Thursday, December 21, 2006

Jore watch: Gazette letters to the editor

The Jore "letter watch" continues at Montana Headlines.

In news that is almost as astonishing as the Davison plea, the Gazette's streak of publishing letters to the editor smearing Rick Jore ended today.

From December 16th through 19th, the Gazette published "Rick Jore is a Neanderthal" letters for 4 straight days and in 5 out of the previous 7 issues. If we include the Gazette editors' own "thumbs down" on the 11th, that makes an incredible six opinion page attacks on Jore over the course of only 9 days.

A quick and unscientific Montana Headlines survey found no other topic that merited even two letters in that same time period.

The burning question is: how long can the Gazette editors resist returning to what appears to be their method of choice to attack Jore and the House Republican leadership? It is a safe tactic, since Jore hasn't yet done anything for which he can be criticized in "hard news" pages.

Readers should watch with bated breath to learn the answer.

More to the point, Jore has become intensely interesting to everyone. If House Speaker Scott Sales has any doubt about whether he made the right choice to head the Education Committee, the negative attention in the Gazette opinion pages should remove it. Anyone who gets that kind of press has got to be good for Republican interests and bad for Democrat interests.

The relevance of Davison's politics

For identification purposes, Pat Davison is probably best known in Billings as having run for governor in the Republican primary, where he lost (badly) to Bob Brown. It establishes an interesting part of the story -- namely that he was a reasonably respected member of the community who betrayed the trust of those he took advantage of in his investment schemes. Republicans, moreover, are just going to have to take some lumps on this one because he was one of their own.

Montana Headlines will be watching the Gazette closely, however, to see how many times they can mention his involvement in Republican politics in conjunction with this story.

The truth is that at this point, Davison's name is widely known for one reason, and one reason only -- his defrauding of investors and his pleading guilty on federal charges.

At a certain point, the facts that he came in a distant 2nd in a Republican primary, that he was appointed to the Board of Regents by Gov. Racicot, or that he was involved in promoting the Otter Creek coal development disappears into irrelevance in the immense shadow of his crimes. Right now, no-one needs to be reminded of his gubernatorial bid in order to know who he is.

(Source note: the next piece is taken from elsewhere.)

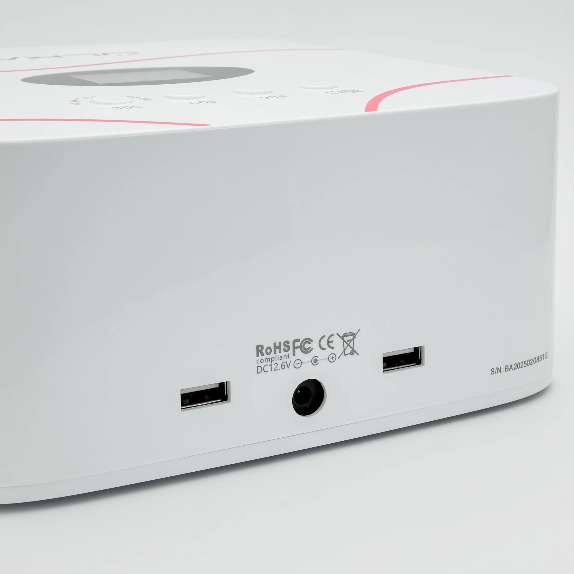 El diseño minimalista incluye temporizadores inteligentes, sensor automático, base desmontable para pedicure y puertos USB, lo que la convierte en una herramienta versátil tanto para estudio como para servicios móviles.

It is hard not to be suspicious that the Gazette will run a disproportionate share of articles on this story over the coming months -- just happening to mention the Republican party in all of them.

When reading the congratulatory article on Democrat State Auditor John Morrison's role in the case, one looks for any mentions of his politics. We are fast approaching the point where it is probably just as relevant for the Gazette to include in each article a reference to "former Democratic Senate candidate John Morrison, who came under fire for being lax as State Auditor in investigating the white collar crimes of his former lover's fiance."

Cautionary tale

With Pat Davison's guilty plea, any hopes that his friends and former political allies might have had that all of the charges were a big mistake disappeared.

There never was much hope, but it was sobering to consider that someone who was actively engaging in a "Ponzi scheme" would have the gall to run for public office.

There were those who thought that Davison had a better chance to defeat now Governor Schweitzer than did Bob Brown. This may have been true, but what a disaster a Davison win -- even in the primary -- would have been.

There was once a time when party leaders would take a potential candidate behind closed doors and grill him about every possible skeleton in the proverbial closet. This is assuming that a candidate with a "history" cared so little about his own party as to run in the first place.

Davison was willing to set the Republican party back a generation in Montana for the sake of his own political ambitions, for that is exactly what would have happened had this article been published today about a Governor Davison, rather than failed GOP primary candidate Davison.

Davison's principle backers were likewise guilty of failing to scrutinize his business dealings.

It is one thing to get caught up in the ubiquitous fund-raising cycle of Washington once elected, as did Conrad Burns (and has basically every Congressman and Senator, because of the astronomical amounts of money that have to be raised for every campaign.)

It is quite another to break the law repeatedly and then to run for a major public office -- raising money and soliciting support from unsuspecting party members who now probably can't help but be embarrassed about their involvement with Davison.

Republicans will have no chance at regaining lost ground in Montana politics without policing their own ranks on matters like this. After all, as Conrad Burns learned, one not only has to run against the Democrat candidate, but against the press as well. There is no room for small errors, let alone suicidal actions like Davison's.